After Lisa and I read the super-amazing little paperback, “How To Talk So Kids Will Listen and Listen So Kids Will Talk”, we changed the way we communicated, not only with your kids, but with each other and other people. It revolutionized our speech.
But more than that, it caused us to analyze how we thought. It made us step back to look at how we imposed our expectations upon others.
Here’s an example. Your kid’s room is dirty. So you say to it (I say “it” just to add to the humor because they sometimes seem like its.), “Clean up your room! Now!” What you’ve communicated is that you can’t believe a human being would willingly live in such a den of iniquitous filth. You know you wouldn’t. You’re the boss. Your kid must live according to your standards of cleanliness and orderliness. Plus, your kid should drop what it’s doing and attend to your command immediately. Not only that, you’re the boss and your kid should just do as it’s told whether it likes it or not no questions asked.
But your kid’s thinking, “What’s wrong with my room? It’s my room, not yours. I like the disheveled look. I like my room to look lived in. I have way more important things to do, like catch up with my friends on Facebook. This 140 square feet is mine and I can do with it what I want. Who made you the boss of me? I’m old enough now to be spoken to as a human being and even an almost adult. Why are you snapping at me? Why are you being such a bitch? I was going to ask you if you wanted to take me out for lunch. Well, forget that!” Etcetera.

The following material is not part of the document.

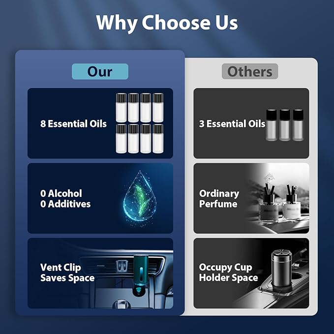- 【Safe and Durable】The olores para carro is constructed from high-quality aluminum alloy, featuring a sandblasted surface that enhances its strength and durability. The car fragrance included with this car oil diffusers is derived from natural plant essence extracts, ensuring that this car air freshener spray is safe for use
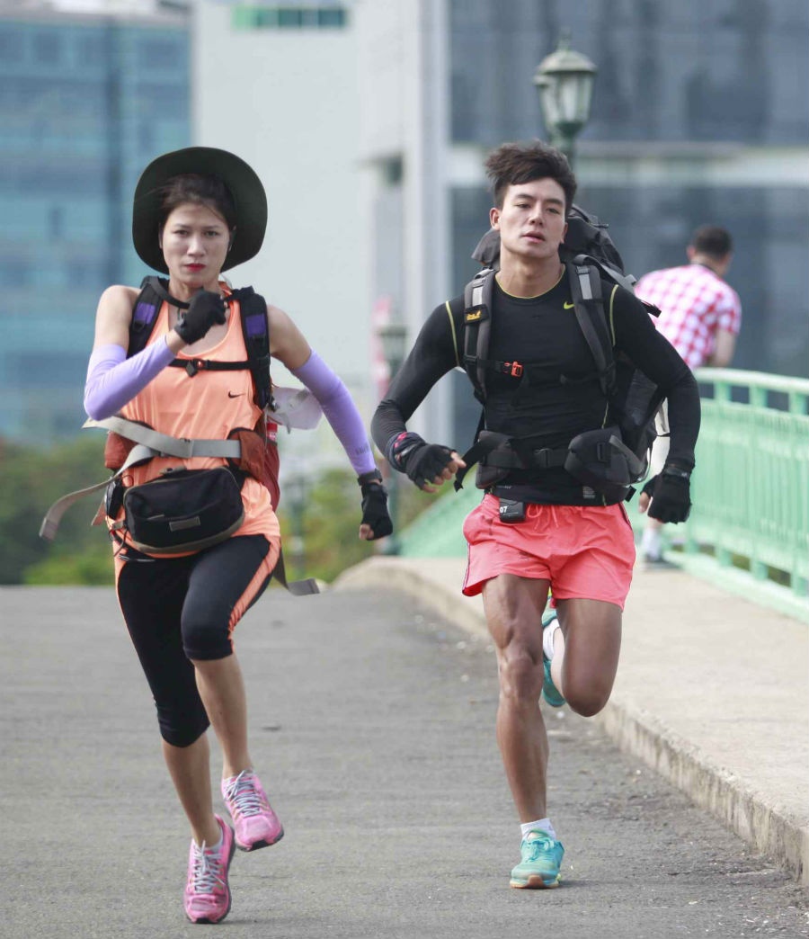 | Hương Giang Idol và Criss Lai trong thử thách Xếp ván vượt sông. |

Rather, when you walk by the room, you could say, “You know, I personally find it challenging to look at your room. If your door was closed, just for me, that would be cool.” You haven’t barked a command. You haven’t imposed your expectations. You haven’t imputed your standards. You’ve expressed your feelings. You’ve communicated a simple fact: “For my peace of mind it would help to keep the door closed. That is your space and I respect it. The way you keep your room is up to you.”
Here’s a super-easy example. Your kid slams the door. Instead of saying, “DON’T SLAM THE DOOR!”, which usually gets your kids eyes rolling and sighs forthcoming. Instead, say, “You slammed the door.” Usually, they will say, “Oops! Sorry!”
So for this Saturday’s spiritual exercise, try not to issue commands or impose your expectations or impute your ideas upon others. Just make statements. Try it. I promise that it won’t be long before it becomes your normal mode of speech.